¹ Cardiovascular Research Institute, ² Department of Anesthesia and Perioperative Care, and ³ Mass Spectrometry Facility, Department of Pharmaceutical Chemistry, University of California, San Francisco, San Francisco, California

Correspondence and requests for reprints should be addressed to Jan Hirsch, M.D., Cardiovascular Research Institute, University of California, San Francisco, 505 Parnassus Avenue, HSW 825, San Francisco, CA 94143-0130. E-mail: jhirsch{at}itsa.ucsf.edu

Rationale: Mechanical ventilation with high tidal volumes leads to increased permeability, generation of inflammatory mediators, and damage to alveolar epithelial cells (ATII).

Objectives: To identify changes in the ATII proteome after two different ventilation strategies in rats.

Methods: Rats (n = 6) were ventilated for 5 hours with high- and low tidal volumes (VTS) (high VT: 20 ml/kg; low VT: 6 ml/kg). Pooled nonventilated rats served as control animals. ATII cells were isolated and lysed, and proteins were tryptically cleaved into peptides. Cellular protein content was evaluated by peptide labeling of the ventilated groups with ¹⁸O. Samples were fractionated by cation exchange chromatography and identified using electrospray tandem mass spectrometry. Proteins identified by 15 or more peptides were statistically compared using t tests corrected for the false discovery rate.

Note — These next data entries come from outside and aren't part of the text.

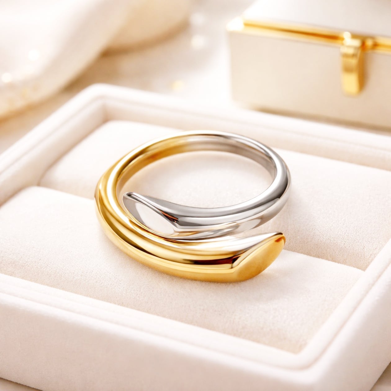 #サージカルステンレス316L #バイカラーリング #オープンリング #ニュアンスリング #ゴールドシルバー #ステンレスリング #FUSIONシリーズ #シンプルリング #ユニセックスアクセサリー #デイリーリング #AtelierBEcudes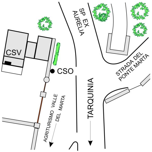[{"simbolo_contrassegno":"B1","materializzazione":"(CSO) – Bullone infisso alla base del muro di recinzione di destra del cancello d'ingresso del Podere Ponte Marta."},{"simbolo_contrassegno":"V1","materializzazione":"(CSV) – Mensola infissa nella facciata dell'abitazione a destra della porta."}]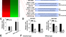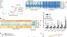 MiR-34a plays a role of tumor suppressor in other types of tumors [34, 35]. As we found Bmi-1 upregulates miR-34a in gastric cancer cells, here, we explored the function of miR-34a in gastric cancer. Firstly, we found the expression of miR-34a was downregulated in all six gastric cancer cell lines compared with that in human gastric mucosal epithelial cell line GES-1 (Additional file 9: Figure S5a), and it was also downregulated in suspension microspheres than in the parent adherent cells (Fig. 5a). Overexpression of miR-34a inhibited cells growth and colony formation (Fig. 5b, c), suggesting it may act as a tumor suppressor. Further, we examined the effect of different expression levels of miR-34a on stem cell-like characteristics and found that upregulation of miR-34a may suppress the formation rate of the microspheres of gastric cancer cells, resistance to chemotherapy and cell migration (Fig. 5d–f), while downregulation of miR-34a can improve the formation of microspheres, chemotherapy resistance, and cell migration (Additional file 9: Figure S5b–d). Further, we analyzed the expression of miR-34a in 74 patients with gastric cancer. Results showed that the expression of miR-34a in cancer tissues is downregulated in 35 cases (47.3 %) compared with that in paired adjacent normal tissues (Additional file 6: Table S3), and miR-34a expression negatively correlated with vascular invasion as the expression of miR-34a was lower in patients with positive vascular invasion (Table 2), which suggested that downregulation of miR-34a correlated with a more aggressive phenotype. These results suggest that miR-34a might act as a tumor suppressor and negatively regulates stem cell-like characteristics in gastric cancer.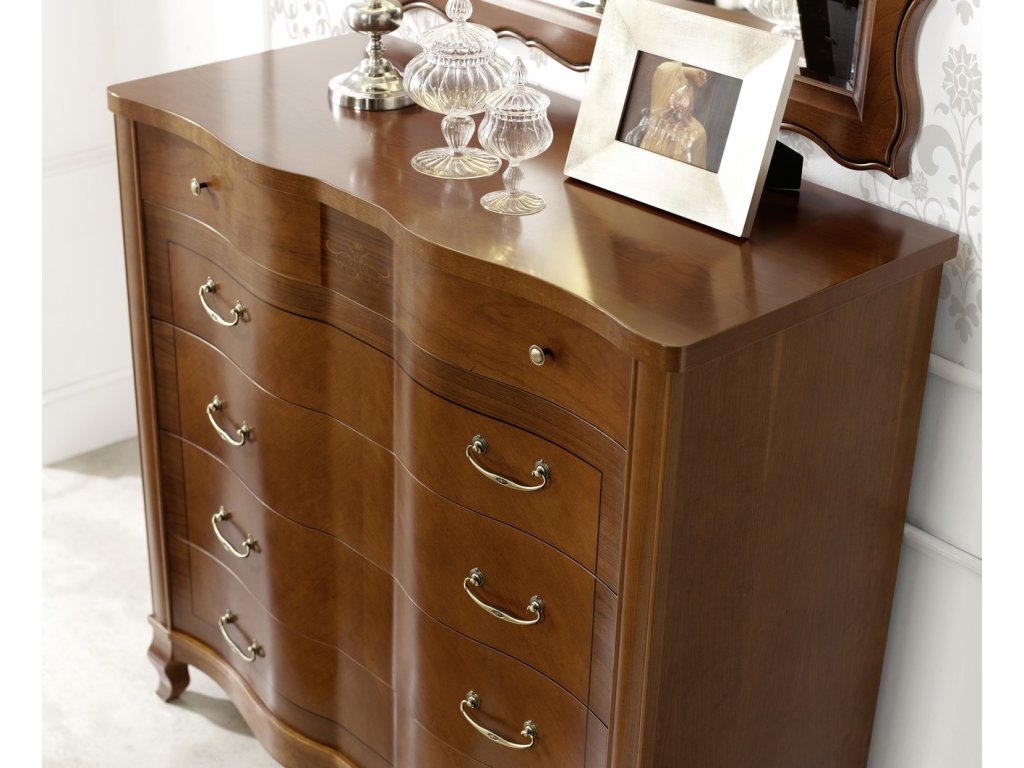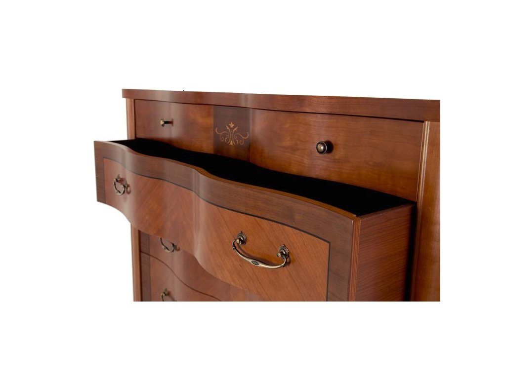 Povrch tohoto stylového nábytku je dýhovaný bukovým dřevem a jeho typickým prvkem je zdobná intarzie. Stylový designový vzhled připomínající starožitný nábytek ocení zejména milovníci klasického nábytku. Jedná se o kvalitní zakázkový nábytek s dlouholetou výdrží a vzhledem starožitného nábytku.

Measurements and Main Results: High VT resulted in a significant increase in airspace neutrophils without an increase in extravascular lung water. Compared with low-VT samples, high-VT samples showed a 32% decrease in the inositol 1,4,5-trisphosphate 3 receptor (p < 0.01), a 34% decrease in Na⁺, K⁺-ATPase (p < 0.01), and a significantly decreased content in ATP synthase chains. Even low-VT samples displayed significant changes, including a 66% decrease in heat shock protein 90- (p < 0.01) and a 67% increase in mitochondrial pyruvate carboxylase (p < 0.01). Significant differences were found in membrane, acute phase, structural, and mitochondrial proteins.

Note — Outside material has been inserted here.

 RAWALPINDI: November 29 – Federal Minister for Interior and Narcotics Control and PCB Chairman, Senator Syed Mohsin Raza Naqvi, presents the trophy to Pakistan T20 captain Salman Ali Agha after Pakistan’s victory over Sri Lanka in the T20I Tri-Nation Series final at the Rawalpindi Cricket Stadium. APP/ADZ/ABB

Conclusions: After short-term exposure to high-VT ventilation, significant reductions in membrane receptors, ion channel proteins, enzymes of the mitochondrial energy system, and structural proteins in ATII cells were present. The data supports the two-hit concept that an unfavorable ventilatory strategy may make the lung more vulnerable to an additional insult.

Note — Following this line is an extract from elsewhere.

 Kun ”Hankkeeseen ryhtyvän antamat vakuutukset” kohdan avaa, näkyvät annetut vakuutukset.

Key Words: acute lung injury • alveolar epithelium • corticosterone

AT A GLANCE COMMENTARY Scientific Knowledge on the Subject Mechanical ventilation with high tidal volumes leads to increased permeability, generation of inflammatory mediators, and damage to alveolar epithelial cells that may contribute to ventilator-induced lung injury. What This Study Adds to the Field Using a proteomic approach, significant reductions of key proteins in alveolar type II cells from rats were identified after short-term positive-pressure ventilation.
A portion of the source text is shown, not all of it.